WASHINGTON. — John Roberts was not supposed to be the US Chief Justice. When President George W. Bush nominated him to the US Supreme Court in 2005, it was as one of the nine-member body’s eight associate justices. But when then-Chief Justice William Rehnquist died just weeks later, Bush decided to tap Roberts for the job.
In the 20 years since becoming chief justice on September 29, 2005, Roberts has established himself as a pivotal figure in the court’s history, guiding it during a momentous epoch when its conservative majority has steered US law dramatically rightward. And there are no signs of letting up as a new nine-month term dawns in October with more major cases awaiting.
The Roberts Court has made its mark in areas such as abortion, gun rights, race, religious liberty, campaign finance law, federal regulatory authority, transgender policy and presidential immunity. This year, it has also issued a series of decisions buttressing Republican President Donald Trump’s extraordinary exertion of executive power.
Roberts, a mannerly conservative raised in the American Midwestern heartland, has long been seen as an institutionalist who preferred incremental change. But the rush of major rulings in the five years since conservatives gained a 6-3 majority on the top US judicial body in 2020 after Trump was able to appoint three justices in his first term in office represents nothing short of a revolution in American jurisprudence.
Critics of Roberts, 70, have accused him of distorting the law to achieve his policy preferences.

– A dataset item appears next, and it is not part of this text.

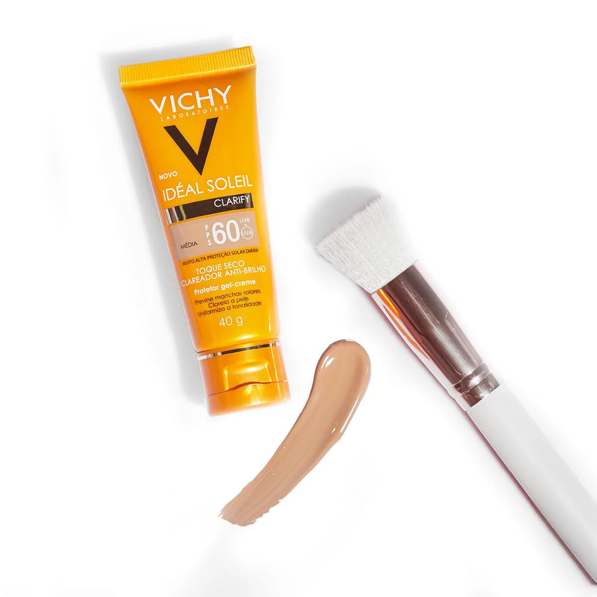 Ideal para uso diário. Vichy Idéal Soleil Clarify FPS60 oferece proteção avançada contra UVA, UVB e Luz Visível, com efeito clareador, toque seco e acabamento matte natural. Reduz manchas gradualmente, uniformiza o tom da pele e controla a oleosidade.Conselho de Aplicação

Eric Segall, a Georgia State University law professor, has argued that Roberts “changed the rules of the constitutional game” as much or more than any chief justice in US history.
Roberts, for instance, has been instrumental in expanding presidential power, notably in the 2024 decision he wrote favoring Trump that recognized that presidents possess immunity from criminal prosecution for official actions in office. Roberts wrote that such immunity was required in light of the US constitutional structure separating powers among the government’s executive, legislative and judicial branches.

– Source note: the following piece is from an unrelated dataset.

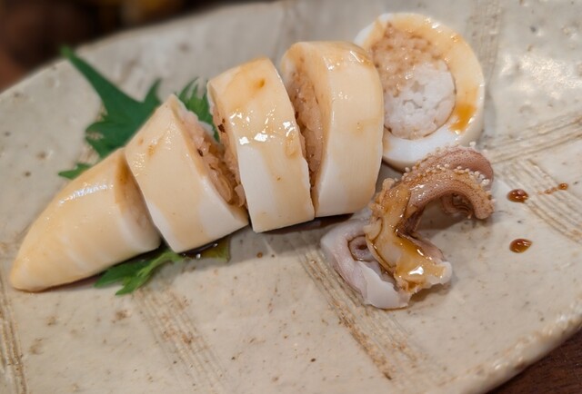 イカ飯とはまた違って、柔らかいヤリイカの身に酢飯が詰められ、甘辛いタレがまた美味ー♡

Liberal Justice Sonia Sotomayor wrote in a dissent that the ruling effectively created a “law-free zone around the president.”
“In every use of official power, the president is now a king above the law,” Sotomayor added.
Conservative legal experts counter that the Roberts court has corrected what they consider some poorly reasoned liberal precedents set decades ago by the court, such as the 1973 Roe v. Wade decision that legalized abortion nationwide.
“The Roberts Court is the most conservative court in 100 years, and it has laudably corrected major jurisprudential mistakes in abortion, affirmative action, guns and the administrative state. While conservatives may not have won every major policy battle at the court, the consensus is they have won the war – at least for now,” George Mason University law professor Robert Luther III said.
“Conservatives overwhelmingly welcome the court’s overturning of Roe v. Wade, its ruling that the (US Constitution’s) Equal Protection Clause bars racial preferences in college admissions, and its various rulings on religious liberty,” said Ed Whelan of the Ethics and Public Policy Center, who served as a Bush administration Justice Department official.
Roberts has personally written the decisions in some of the biggest cases decided in the past two decades, though on occasion, he has been more cautious than some of his fellow conservative justices.
“The modern conservative legal movement had been trying for a half-century to achieve the changes in American constitutionalism that have come under John Roberts, and he has played a significant leadership role in bringing those things about,” University of Pennsylvania political science professor Rogers Smith said.
The Roberts Court has been a friendly venue for Trump this year in decisions it has issued on an emergency basis, allowing the president to implement hardline policies that had been impeded by lower courts on immigration, mass federal layoffs, banning transgender people from the military, cracking down on diversity, equity and inclusion initiatives and other areas.